The Ripstick 88 is the newest and narrowest ski in Elan’s collection of all-mountain freeride skis. They’ve taken the successful construction and shape of the wider Ripstick models and repackaged it in a narrower waist width. These skis are unique in their construction and shape. Elan uses 3-dimensional carbon tubes running through the ski’s wood core. This application of carbon provides a much smoother feel with better vibration damping than most skis using carbon. Elan also uses an asymmetrical shape with more rocker along the outside edge and camber along the inside edge. This gives the ski the ability to hold an edge even on very firm conditions, while also smoothing out turn initiation and giving it a more versatile feel and more capabilities in softer snow conditions. This 88 mm width range is a popular league and we’re excited about this new player.
Parker Herlihy, who in years past has won the Overall Ski The East Freeride title, is a great person to test the limits of a new ski. He opted for the 186 cm length in the Ripstick 88, which happens to be the longest length available. Lots of high scores from Parker, including 5 out of 5 for stability, torsional stiffness/edge grip, and overall impression. “No speed limit! Give’r a rip!!” If Parker can’t find a speed limit, not many skiers are going to.
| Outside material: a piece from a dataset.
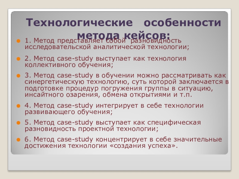 6. Метод case-study концентрирует в себе значительные достижения технологии «создания успеха».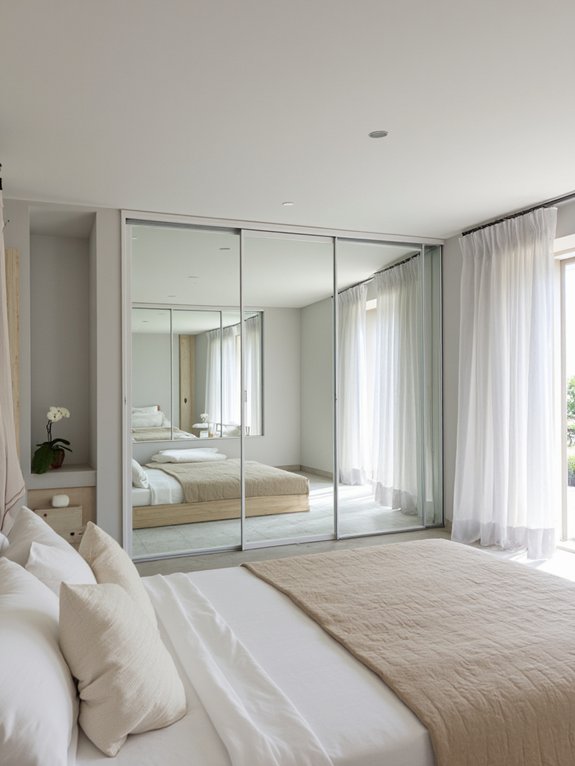 Mirrored sliding wardrobe doors offer dual functionality in minimalist bedrooms by maximizing space efficiency and enhancing natural light distribution. These doors create an illusion of expanded space while providing full-length mirrors for daily dressing needs.

He was impressed by its ability to rip on firm snow, but also by its quickness and playful nature. Not many skis, or maybe no skis, have this blend of playfulness and torsional stiffness. “Quick to engage. So so stiff underfoot and so so sick. Love them.” He actually drew a heart on his test form too. Parker had heard the hype, but hadn’t had a chance to ski them until our test. His closing comment was “there’s a reason why people talk about these.”
Michael Rooney went for the 179 cm length and he too was impressed by the versatility of the Ripstick 88. Michael found it held an edge really well on hardpack, and also that it “handles bumps and choppy snow well. Turns easily regardless of what type of snow and terrain.” That’s where the shape of the Ripstick 88 really comes into play. Its unique rocker profile paired with substantial early taper in the tips and tails gives it a very intuitive feel and allows for easy turn initiation in a huge variety of situations. It also lets the skier make different style turns on demand. It will hold an edge and finish a true carve, but it will also pivot, slip, smear, and slash when you want it to.
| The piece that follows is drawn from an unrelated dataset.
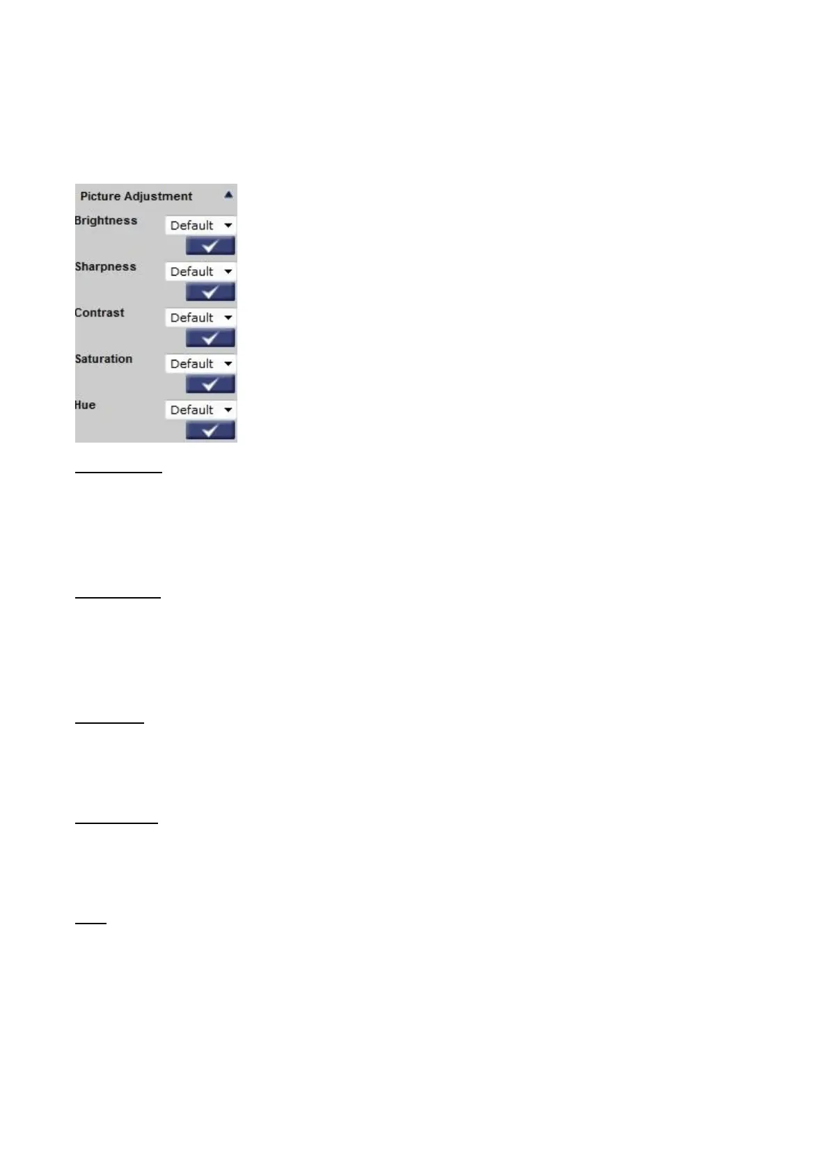 Camera image saturation level is adjustable; please select ranging from -6 to +19. Click on <

Tad Lamell admitted he was a little turned off by the right and left ski concept, but after testing the 179 cm length, he was impressed by its feel and performance. He thought it was a “good shape,” as it provides that versatility we just talked about. Tad also really enjoyed the feel of initiating turns, ‘I was impressed with the ease of turns,” which is a recurring theme on any Ripstick model.
Dave Marryat is known more for his prowess on a snowboard than his skiing chops, but that actually makes him a great ski tester as he has a different perspective and less experience than some of our seasoned vets. “Ripstick 88 rips! I purposefully grabbed the 172 cm and found it quick through the turn and confidence-inspiring in mixed conditions.” Between Parker and Dave, we’re covered two ends of the skiing ability spectrum. Parker easily falls into the expert category, and Dave squarely into the intermediate realm. They both loved the Ripstick 88, which really says a lot about the ski.
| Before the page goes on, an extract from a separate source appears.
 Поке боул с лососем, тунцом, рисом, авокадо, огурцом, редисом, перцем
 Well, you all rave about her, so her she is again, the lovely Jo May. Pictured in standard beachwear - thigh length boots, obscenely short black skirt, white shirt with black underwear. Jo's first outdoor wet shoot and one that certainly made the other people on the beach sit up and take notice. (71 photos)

The Ripstick 88 from Elan provides tremendous all-mountain versatility for a whole slew of different skiers. It’s approachable for intermediates and even timid skiers, while experts will appreciate its versatility, responsiveness, and the fact you can ski it really aggressively if you want to. It performs well in all but the deepest snow conditions, suggesting that it could be a good one-ski-quiver for a lot of skiers, especially those who don’t encounter deep snow conditions very often.